Nyonya Smith baru saja selesai membereskan meja, saat Brandon–salah seorang mahasiswanya mendekat. Menyerahkan kertas hasil ujiannya.
"Terima kasih, Brandon. Akhirnya kau mengumpulkan juga," ucap Nyonya Smith tanpa melihat wajah mahasiswanya–namun mengetahui namanya dari yang tertera di atas kertas. Selalu saja Brandon adalah mahasiswa terakhir yang mengumpulkan tugas, membuat Nyonya Smith terpaksa melebihkan waktu untuk menunggunya. "Bisakah lain kali, kau menjadi yang pertama mengumpulkan tugas?"
"Bukankah aku sudah menjadi yang pertama, Nyonya Smith?" ucap Brandon, tetap berdiri di seberang meja dosennya. Membuat Nyonya Smith mendongak dan mendapati seraut wajah yang lebih muda sedang tersenyum smirk menatapnya.
Seketika Nyonya Smith menyadari sebuah kesalahan di masa lalunya. Masa di mana dia merasa begitu kesepian saat suaminya baru saja meninggal. Dan Andre sama sekali tak bisa disentuhnya. Masa-masa di mana pikirannya menjadi begitu gila karena haus sentuhan lelaki. Dan Brandon memang lelaki pertama yang memuaskan hasratnya di masa dia menjanda.
"Jaga ucapanmu, Brandon." Nyonya Smith memasukkan kertas Brandon ke dalam map, dan bergegas memasukkan ke dalam tas besarnya. Namun Brandon memegang tangannya, membuat Nyonya Smith mau tak mau menatap ke arah mahasiswanya. Sepasang mata biru dengan bulu mata lentik. Seingatnya, Brandon bercerita bahwa dia mengikuti audisi menjadi seorang aktor–dan dia layak mendapatkan hasil yang terbaik.
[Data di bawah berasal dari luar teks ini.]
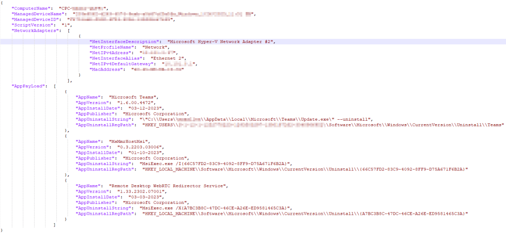 This one is a bit more complicated. Like the other RAW you will see an entry for the Computer Name, Intune ID, Intune Management Name, and Network Adapters. Differently, there should be an array named AppPayLoad containing various entries for the apps on your machine which details the Name, Version, Install Date, Publisher, Uninstall String, and Uninstall Path. This should contain whatever apps you saw in the script output originally which will typically be just three of four possible.
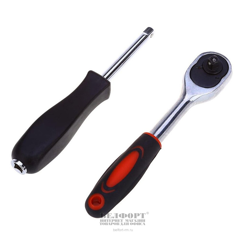 рукоятка реверсивная (трещотка) 1/4" (155 мм) с функцией быстрого сброса, храповый механизм с 24 зубьями, рабочий угол 15° — 1 штука;
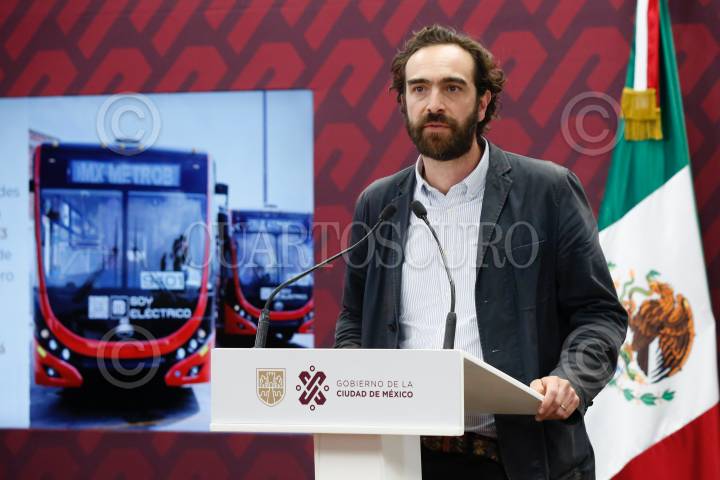 Jesús Esteva, secretario de Obras y Servicios, durante conferencia de prensa en la que se anunció la exposición sobre el Proyecto de Movilidad Integrada que se inaugurará mañana en el Monumento a la Revolución en el marco del Día Mundial sin Auto 2022.
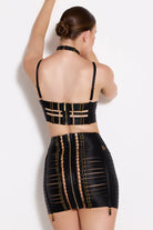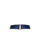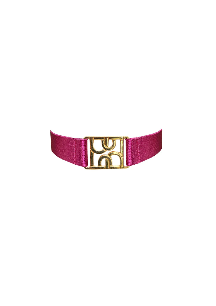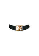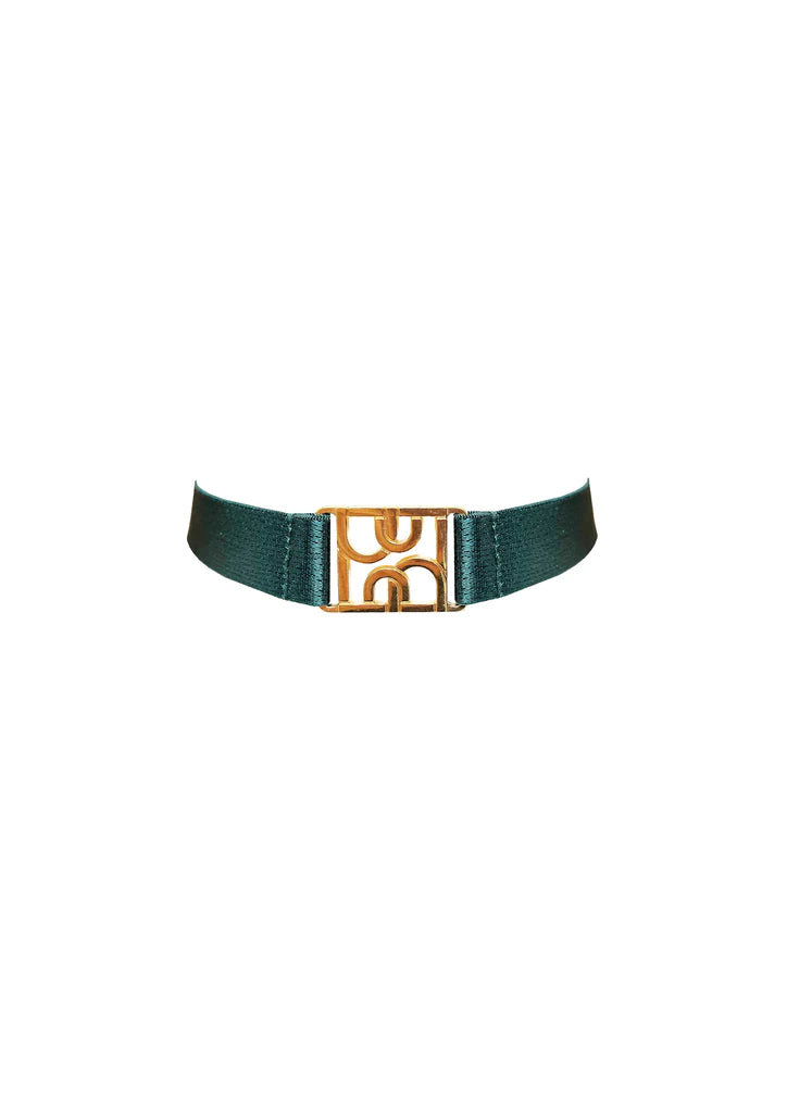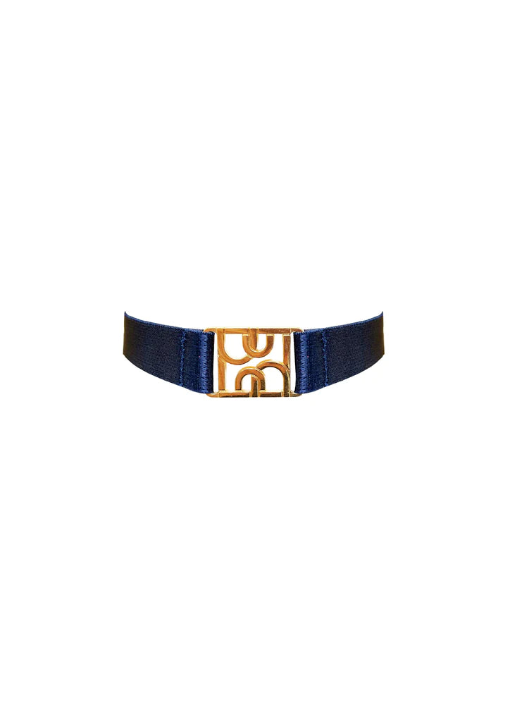 A satin elastic strap collar featuring our 24k gold plated monogram component. This fully adjustable collar is the perfect finishing touch to any new season look.

"Aku merindukanmu, Nyonya Smith."
Nyonya Smith tertegun. Penolakan Andre membuatnya merindukan siapa saja yang bersedia disentuhnya. Tapi tidak sekarang. Tidak saat dia sedang berusaha menjaga hati Andre agar benar-benar mencintainya. Tidak hanya hitam di atas putih, atau cincin pernikahan yang mengikatnya untuk tidak menjadi gila seperti sebelumnya.
"Kau anak yang baik, Brandon. Masa depanmu panjang. Jangan terlibat dengan wanita tua seperti aku." Nyonya Smith melepaskan tangan Brandon perlahan, namun lelaki itu justru bergerak mendekatinya, hingga tak ada jarak di antara keduanya. "Bukankah kau punya kekasih, seorang artis kalau tidak salah."
"Tapi aku hanya rindu padamu, Nyonya Smith."
"Brandon, jangan membuat masalah," bisik Nyonya Smith sembari melirik ke arah pintu. Beberapa mahasiswa tampak masih berseliweran di luar ruangan. Nyonya Smith mendorong dada Brandon menjauh. "Kau bisa melakukannya dengan pacarmu. Kau …"
Brandon menempelkan telunjuk ke bibir Nyonya Smith. "Aku tidak pernah membuat masalah, Nyonya Smith, kecuali bila aku sedang rindu seperti ini. Aku hanya mau kamu …"
Brandon mendekatkan wajahnya ke wajah dosennya. Nyonya Smith menahan napas. Dia harus memperbaiki kesalahannya malam itu, saat Brandon meminta tambahan waktu untuk menyelesaikan tugas. Dan Nyonya Smith memberikan waktu seluasnya bagi mahasiswa itu untuk menguasai tubuhnya. Lebih tepatnya, dia yang menguasai Brandon dan mahasiswa itu ternyata begitu beringas. Khilaf–itu yang menjadi alasannya bila Brandon kembali mendekat dan mengingatkannya tentang kejadian malam itu dan meminta untuk mengulang lagi–seperti saat ini. Sepertinya dia sedang punya masalah dengan pacarnya, sehingga menjadikan Nyonya Smith sebagai pelarian.
Namun sentuhan Brandon membuat Nyonya Smith benar-benar mabuk oleh pemuda lajang di depannya. Bibir Brandon semakin dekat dan nyaris menyentuh bibir merah merekahnya ketika sebuah deheman terdengar begitu keras.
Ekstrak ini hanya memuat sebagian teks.